Two weeks later, the minutes of June 20, 1892,
note that the health committee had resolved, among other items, “[t]hat the
piece of land selected by the Jewish people in the public cemetery be set aside
for their purposes.”
In addition to the transcribed council minutes, transcribimus.ca includes photos of the minute book pages. This image is of the June 20, 1892, minutes, which note that the health committee had resolved, among other items, “[t]hat the piece of land selected by the Jewish people in the public cemetery be set aside for their purposes.”
The cemetery first appears to have come up a
few years earlier. In the July 29, 1889, council minutes, there is reference to
a letter: “From L. Davies on behalf of the Jewish congregation of the city of
Vancouver requesting council to set apart about one acre and a half in the
public cemetery for members of the Hebrew confession. Referred to the Board of
Works.”
In an email to Barnett, Sutherland wrote,
“There doesn’t seem to be any indication from city council minutes that the
Board of Works ever followed up on the above request. Although [Jewish
community member and then-mayor] David Oppenheimer was on the Board of Works
for that year, so was his opponent, Samuel Brighouse.”
On Dec. 7, 2018, the Jewish Independent
met with Barnett, Sullivan, Sutherland, Lynn Zanatta (Global Civic Policy
Society program manager) and Glen Hodges (Mountain View Cemetery manager) at
Mountain View. In documents she brought to that meeting, Sutherland explains
that Oppenheimer “declined to serve as mayor again at the end of 1891, citing
poor health as his reason for retiring. Fred Cope was elected mayor in 1892 and
served till the end of 1893.” So it was Cope who was mayor when the Jewish
cemetery was established; Oppenheimer was Vancouver’s second mayor (1888-1891)
and Malcolm Maclean its first (1886-1887).
The first interment at Mountain View Cemetery
was Caradoc Evans, who died at nine months, 24 days, on Feb. 26, 1887. The
first Jew interred in the cemetery is thought to be Simon Hirschberg, who “died
of his own hand” on Jan. 29, 1887, and was, according the plaque erected by the
cemetery in 2011 (the cemetery’s 125th year), “intended to be the first
interment,” however, “rain, a broken carriage wheel on a bad road and his large
size all contributed to him being buried just outside the cemetery property,”
where he was “long thought to have been left near the intersection of 33rd and
Fraser” until his body was moved into a grave on cemetery property.
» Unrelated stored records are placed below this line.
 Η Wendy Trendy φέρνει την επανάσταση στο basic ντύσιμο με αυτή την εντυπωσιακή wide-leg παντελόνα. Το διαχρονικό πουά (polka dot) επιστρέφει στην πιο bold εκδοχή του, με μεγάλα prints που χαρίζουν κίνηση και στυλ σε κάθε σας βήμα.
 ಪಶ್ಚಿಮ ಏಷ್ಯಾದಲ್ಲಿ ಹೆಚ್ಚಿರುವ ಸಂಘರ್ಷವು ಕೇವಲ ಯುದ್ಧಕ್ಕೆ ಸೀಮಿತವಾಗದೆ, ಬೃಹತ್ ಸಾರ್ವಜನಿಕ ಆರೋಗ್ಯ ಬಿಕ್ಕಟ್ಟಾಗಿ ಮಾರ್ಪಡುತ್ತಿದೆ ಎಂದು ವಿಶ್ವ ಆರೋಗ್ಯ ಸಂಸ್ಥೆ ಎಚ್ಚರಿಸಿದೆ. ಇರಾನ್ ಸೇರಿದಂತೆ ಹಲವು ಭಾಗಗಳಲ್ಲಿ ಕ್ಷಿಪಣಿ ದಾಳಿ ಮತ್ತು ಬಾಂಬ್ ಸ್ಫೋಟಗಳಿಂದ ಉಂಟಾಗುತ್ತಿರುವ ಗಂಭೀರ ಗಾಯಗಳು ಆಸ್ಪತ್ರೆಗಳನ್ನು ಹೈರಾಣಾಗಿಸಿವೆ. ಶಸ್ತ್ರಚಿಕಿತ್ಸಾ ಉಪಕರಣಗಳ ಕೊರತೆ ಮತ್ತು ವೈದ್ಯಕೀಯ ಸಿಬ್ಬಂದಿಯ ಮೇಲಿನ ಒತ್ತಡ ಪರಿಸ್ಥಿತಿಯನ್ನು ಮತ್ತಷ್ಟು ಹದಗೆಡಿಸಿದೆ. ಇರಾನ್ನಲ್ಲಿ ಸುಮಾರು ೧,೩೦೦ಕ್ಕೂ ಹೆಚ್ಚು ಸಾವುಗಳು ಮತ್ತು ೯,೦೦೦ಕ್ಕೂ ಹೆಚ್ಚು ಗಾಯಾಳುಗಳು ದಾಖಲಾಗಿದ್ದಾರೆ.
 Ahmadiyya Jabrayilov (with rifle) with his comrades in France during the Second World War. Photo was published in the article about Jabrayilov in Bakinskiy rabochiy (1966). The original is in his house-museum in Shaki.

Oddly
enough, the first Jew to be buried in the Jewish section was Otto Bond (Dec.
19, 1892), who also took his own life.
This page from a Mountain View Cemetery ledger shows the entry for Otto Bond, the first Jew to be buried in the cemetery’s Jewish section.
So far, since its inception in 2012,
Transcribimus has seen more than 300 transcripts produced by almost 40
volunteers, although a handful of them are responsible for the lion’s share to
date. Many people have donated their time, technical advice and, of course,
funds to the project. Barnett sponsored the transcribing of the city council
minutes for 1891, and fellow Jewish community member Arnold Silber sponsored
the transcription of the 1890 minutes. A few other years have also been
sponsored, including 1888, by the Oppenheimer Group.
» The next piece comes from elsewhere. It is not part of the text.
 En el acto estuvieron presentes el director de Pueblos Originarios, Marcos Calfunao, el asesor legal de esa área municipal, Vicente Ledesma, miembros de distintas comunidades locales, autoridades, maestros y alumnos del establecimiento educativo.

About nine years’ worth of minutes have been transcribed
(1886-1893 and 1900), leaving much more work to be done, as the city kept
handwritten minutes until mid-1911. After that, minutes were typewritten and
these documents can be scanned and read with OCR (optical character
recognition), said Sutherland.
The Transcribimus website (transcribimus.ca) is one of the best-designed sites the Independent has come across. It is both visually appealing and incredibly easy to use. In addition to the transcribed council minutes, it includes photos of the minute book pages. As well, it features letters from Vancouver’s early years, historical photographs and a few videos, including a film by William Harbeck of a trolley ride through Victoria and Vancouver in 1907, which has had speed corrections and sound added by YouTuber Guy Jones. (Astute viewers will see that the trolley is driving on the lefthand side of the road. British Columbia didn’t switch to the right until 1921-22.)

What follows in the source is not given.